Show me what you get
for cos(x-B)-cos(x-B) = 2sinxsinB
you must have a typo, the LS is zero the way it stands
I am sure you meant
cos(x-B)-cos(x+B) = 2sinxsinB
i don't understand how to use the formula in the second problem. what would i plug into A and B?
cos(x-B)-cos(x+B) = 2sinxsinB
LS
= cosxcosB + sinxsinB - (cosxcosB - sinxsinB)
=2sinxsinB
= RS
Sure, I can help you with these questions.
1. cosx + cosx = 2secx/(1+sinx)/(1-sinx)
To simplify this equation, we need to use trigonometric identities.
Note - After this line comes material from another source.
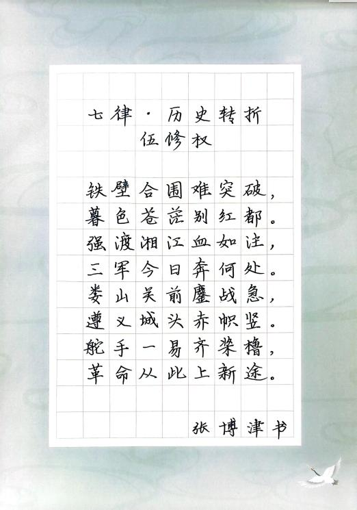 【创作灵感】1935年1月,中共中央政治局在贵州遵义召开扩大会议,总结第五次反“围剿”失败的经验教训。会议期间,他创作了《七律·历史转折》一诗。遵义会议在极端危急的关头挽救了党、挽救了红军、挽救了中国革命,是党的历史上生死攸关的伟大转折。2023级硕士研究生张博津认为,遵义会议精神集中展现了中国共产党人的优秀品格,是建设中国特色的社会主义事业的强大精神动力,很值得新时代青年学习。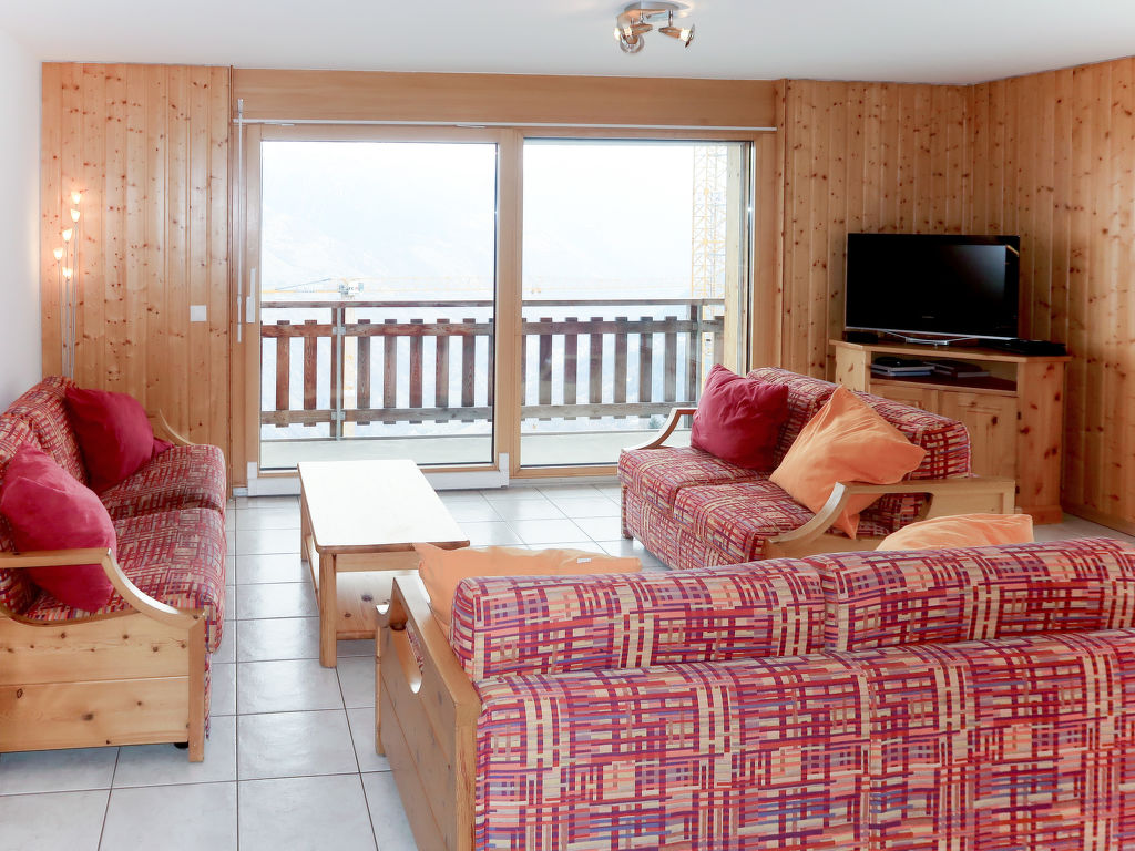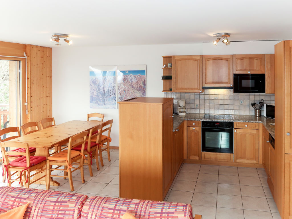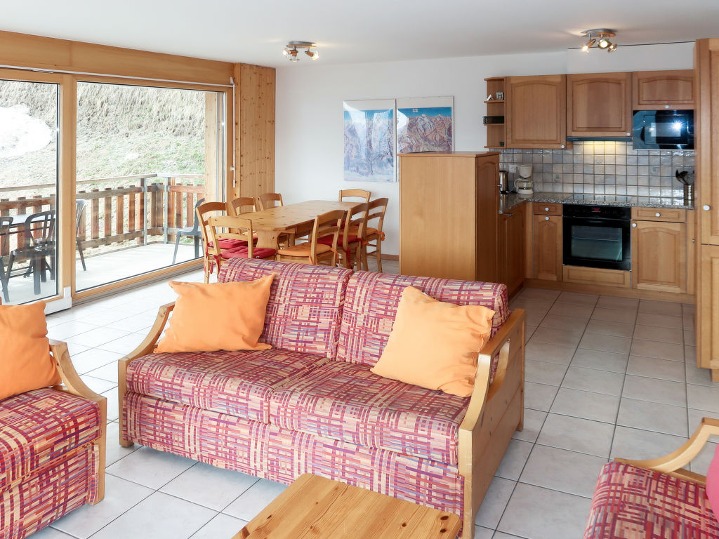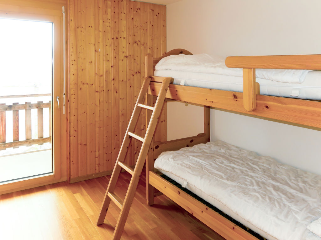 "Les Cîmes 3", 4-Zimmer-Wohnung 85 m2 im 3. Stock. Komfortabel und geschmackvoll eingerichtet: Wohn-/Schlafzimmer mit 1 Doppeldiwanbett, Esstisch, Sat-TV und Internationale TV-Sender. Ausgang zum Balkon. 1 Zimmer mit 2 Betten (90 cm, Länge 200 cm). Ausgang zum Balkon. 1 Zimmer mit 1 x 2 Etagenbetten (80 cm, Länge 200 cm). Ausgang zum Balkon. 1 Zimmer mit 1 Doppelbett (160 cm, Länge 200 cm). Ausgang zum Balkon. Offene Küche (Backofen, Geschirrspüler, 4 Glaskeramikherd Platten, Mikrowelle, elektrische Kaffeemaschine, Fondue Set (Käse)). Bad/WC, Dusche/WC, Whirlbadewanne. Parkettböden. Balkon 50 m2. Balkonmöbel. Panoramasicht. Zur Verfügung: Internet (Wireless LAN, gratis). Bitte beachten: Nichtraucher-Unterkunft. Maximal 1 Haustier/Hund erlaubt.

The identity we can use here is: secx = 1/cosx.
Rewriting the equation using this identity, we get: 2/cosx = 2secx.
Now, we can substitute this back into the original equation:
2secx/(1+sinx)/(1-sinx) = 2/(cosx(1+sinx))/(1-sinx)
To simplify this further, we can multiply the numerator and denominator by (1+sinx)(1-sinx):
2(1+sinx)(1-sinx)/(cosx(1+sinx))/(1-sinx)
Finally, cancel out the common factors in the numerator and denominator, giving us the simplified expression: 2/(cosx/cosx) = 2
2. cos(x-B)-cos(x-B) = 2sinxsinB
To solve this equation, we can use the trigonometric identity: cos(A-B) = cosAcosB + sinAsinB.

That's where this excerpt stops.